25 anni fa
l'elezione di Luciani
L'impronta
italiana allo zenit
di
Andrea Riccardi
Venticinque anni fa veniva
eletto l'ultimo Papa di una serie ininterrotta d'italiani che durava dal
1523: Albino Luciani. Il suo brevissimo pontificato ha lasciato un
ineffabile ricordo di bontà. Ma Giovanni Paolo I fu diverso da Giovanni
XXIII, il "Papa buono". Roncalli aveva una lunga conoscenza
diretta del mondo dall'Oriente alla Francia, oltre a un forte radicamento
nel cattolicesimo bergamasco e una notevole cultura storica. Pio XII e
Paolo VI avevano percorso itinerari differenti ma caratterizzati da un
impegnativo servizio alla Chiesa universale. La "bontà"
pastorale di Albino Luciani era il frutto dell'esperienza migliore del
clero italiano in cura d'anime. L'intera vita di Luciani, antecedente
all'elezione, ruotava nell'ambito del pur variegato cattolicesimo veneto,
dall'ultima guerra al post-Concilio.
Il giovane don Albino, prete diocesano, insegnante di seminario,
responsabile di curia, era stimato a Belluno, tanto da divenire provicario
nel 1947 e vicario generale nel 1954. Aveva discusso e pubblicato una tesi
alla Gregoriana su Antonio Rosmini. Giovanni XXIII lo considerava uno dei
migliori sacerdoti veneti e lo nominò a 46 anni vescovo di Vittorio
Veneto. È Paolo VI, nel 1969, a chiamarlo al patriarcato di Venezia e a
crearlo cardinale quattro anni dopo. Dalla fine degli anni Sessanta,
Luciani viaggia e conosce meglio il cattolicesimo postconciliare,
costellato di sprazzi vitali ma alle prese con una crisi profonda che ne
inficiava l'identità. La sua elezione al pontificato romano era la scelta
di una personalità caratterizzata dalla pastoralità, radicata nella
spiritualità sacerdotale, serenamente aperta agli altri, lontana da
posizioni ideologiche ed estranea alle polarizzazioni della Chiesa di
allora.
Papa Luciani non si riteneva uomo di governo, come confida nel primo
discorso ai cardinali. Chiede aiuto a chi lo ha eletto per sostenere «il
peso, che il Signore… ha voluto porre sulle nostre fragili spalle». Il
cardinale Poletti ricordava come il nuovo Papa gli domandasse di non far
pesare su di lui i problemi di Roma. Il segretario di Stato Villot ha
detto di Luciani: «…nella misura in cui passavano i giorni e prendeva
coscienza della complessità delle questioni politiche, si inquietava ma
senza perdere fiducia, restando prioritario l'aspetto pastorale della sua
carica». Per lui al primo posto c'era - appunto - la pastoralità. Con
naturalezza fece cadere la cerimonia un po' mondana dell'incoronazione
(seppur non smise di usare il plurale maiestatico nei discorsi). Egli
specchiava fatalmente la sua iniziativa con le grandi capacità di governo
di Paolo VI e degli altri suoi predecessori: «Però - soggiungeva - sono
al loro posto, devo cercare di servire la Chiesa». E qualche volta nei
discorsi si scusava: «Ho parlato dimesso e me ne scuso».

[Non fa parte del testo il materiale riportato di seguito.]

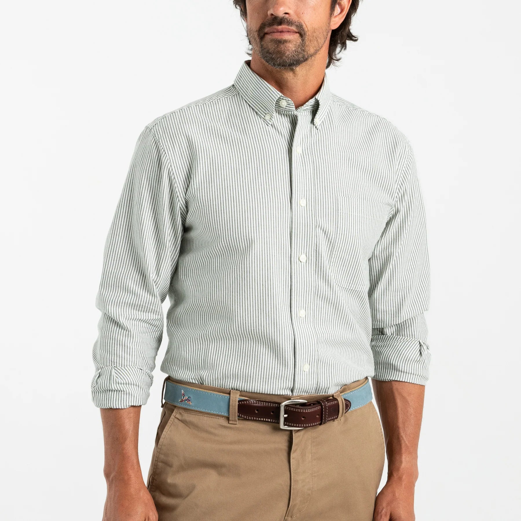 Duck Head - Long Sleeve Cotton Oxford Collins Stripe Shirt -Pine Green

Ma davvero per la Chiesa di quel tempo il problema principale era
individuabile nelle esigenze del governo interno? Ogni stagione ecclesiale
presenta precipue esigenze. Il breve pontificato di Giovanni Paolo I
confermò, forse, nei cardinali la necessità di un indirizzo pastorale,
ma anche di una profezia nuova. In questo senso egli aprì la scena che
avrebbe visto poi dominare Karol Wojtyla, il quale portava con sé il
sofferto vissuto di una Chiesa e di un popolo. Restava integra tuttavia la
testimonianza di Luciani: quella di un'obbedienza profonda. Forse questo
Papa parlava anche di sé, quando ricordava ai preti di Roma che una
componente decisiva «della disciplina sacerdotale è l'amore del proprio
posto»: «Lo so - aggiungeva - non è facile amare il posto e rimanervici…».
E concludeva citando san Francesco di Sales: «Non c'è nessuna vocazione
che non ab bia le sue noie, le sue amarezze, i suoi disgusti».